Exercise aim — Print this span of the material below exactly: the line with "Parete superiore rettilinea", the line with "接下来,柴教授结合40年的教", and every line between them, but nothing else.

Material for this task —
——

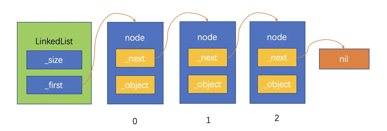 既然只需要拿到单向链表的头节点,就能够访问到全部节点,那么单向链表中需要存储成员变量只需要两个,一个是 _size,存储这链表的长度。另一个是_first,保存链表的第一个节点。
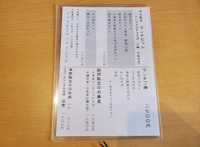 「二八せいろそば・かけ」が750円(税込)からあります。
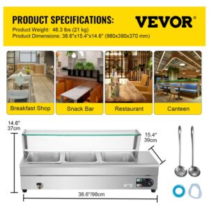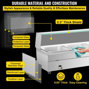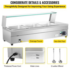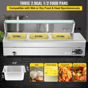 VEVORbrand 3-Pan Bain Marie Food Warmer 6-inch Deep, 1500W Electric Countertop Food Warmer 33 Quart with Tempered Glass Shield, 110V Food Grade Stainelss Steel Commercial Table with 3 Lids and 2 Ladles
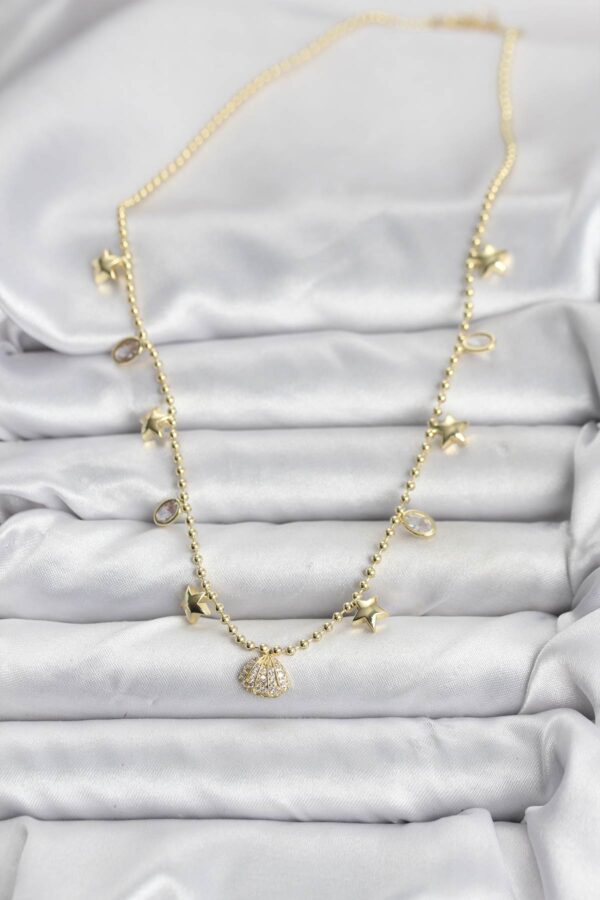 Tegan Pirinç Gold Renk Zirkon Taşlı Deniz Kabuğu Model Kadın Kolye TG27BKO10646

——

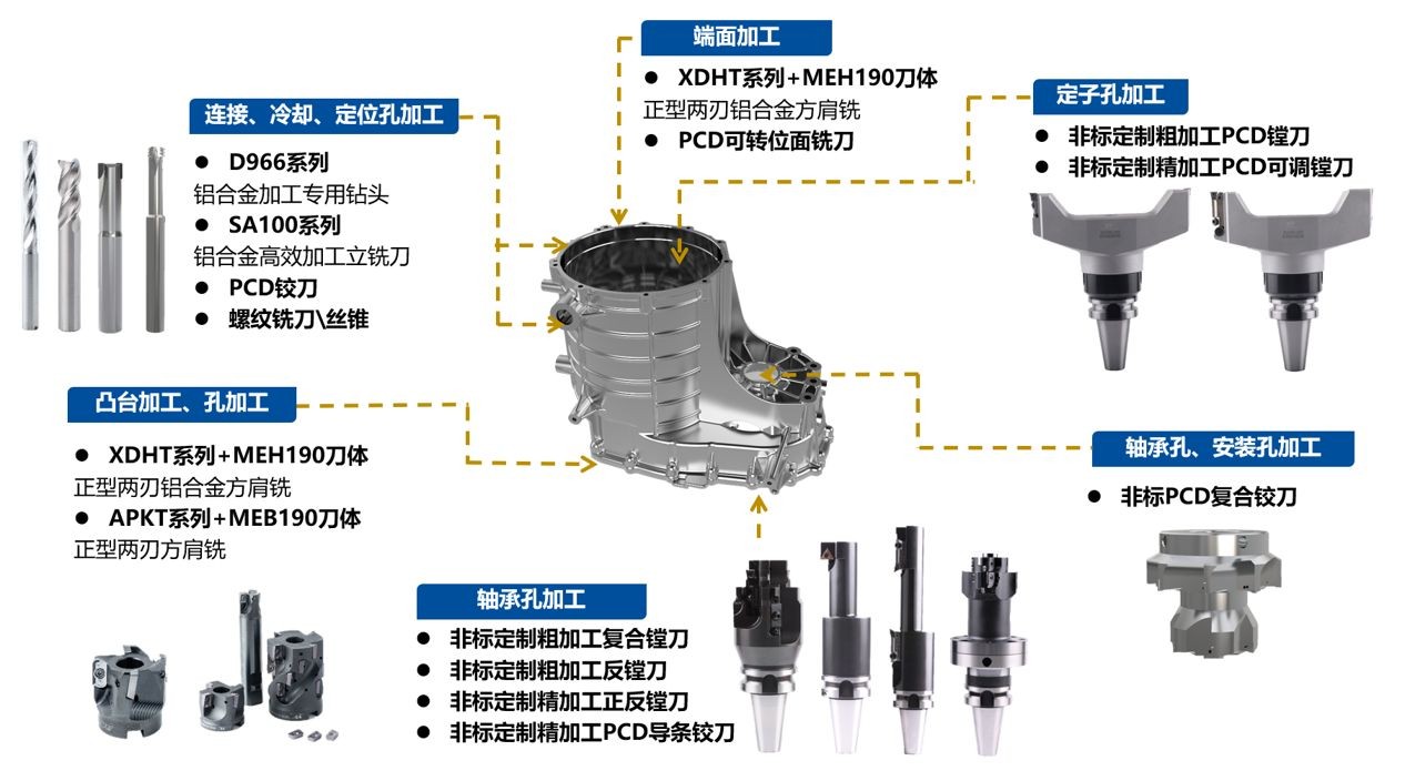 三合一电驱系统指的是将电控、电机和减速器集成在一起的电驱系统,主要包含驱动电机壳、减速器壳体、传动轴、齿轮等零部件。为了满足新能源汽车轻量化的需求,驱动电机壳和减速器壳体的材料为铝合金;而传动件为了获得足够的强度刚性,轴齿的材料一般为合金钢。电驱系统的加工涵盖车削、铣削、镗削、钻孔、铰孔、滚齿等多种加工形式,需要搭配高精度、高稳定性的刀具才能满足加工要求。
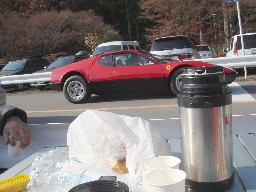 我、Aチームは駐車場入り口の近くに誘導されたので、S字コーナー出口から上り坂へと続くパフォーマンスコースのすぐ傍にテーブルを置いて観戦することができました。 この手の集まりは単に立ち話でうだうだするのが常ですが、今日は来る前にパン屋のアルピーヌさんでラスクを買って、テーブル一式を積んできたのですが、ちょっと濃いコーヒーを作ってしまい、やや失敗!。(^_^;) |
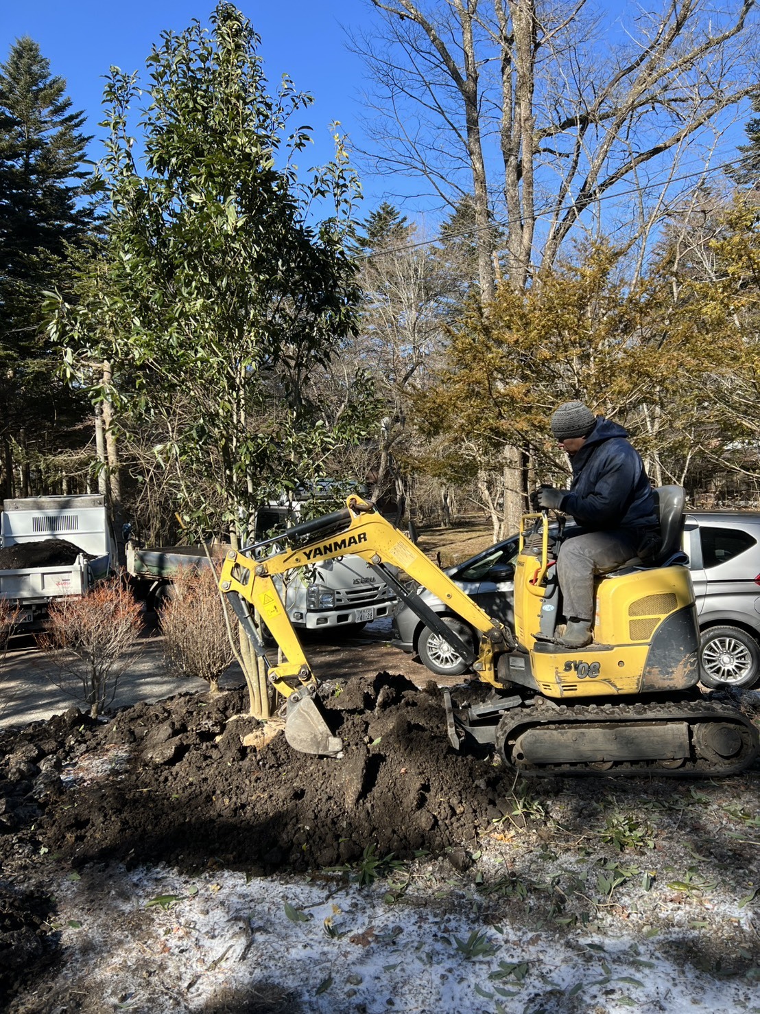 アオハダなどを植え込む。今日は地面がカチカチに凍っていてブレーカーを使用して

——

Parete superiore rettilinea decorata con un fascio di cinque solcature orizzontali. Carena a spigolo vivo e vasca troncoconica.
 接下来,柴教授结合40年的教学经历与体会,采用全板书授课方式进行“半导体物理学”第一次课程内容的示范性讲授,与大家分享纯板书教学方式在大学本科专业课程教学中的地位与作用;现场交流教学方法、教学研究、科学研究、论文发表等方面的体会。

——

Exercise result —
Parete superiore rettilinea decorata con un fascio di cinque solcature orizzontali. Carena a spigolo vivo e vasca troncoconica.
 接下来,柴教授结合40年的教学经历与体会,采用全板书授课方式进行“半导体物理学”第一次课程内容的示范性讲授,与大家分享纯板书教学方式在大学本科专业课程教学中的地位与作用;现场交流教学方法、教学研究、科学研究、论文发表等方面的体会。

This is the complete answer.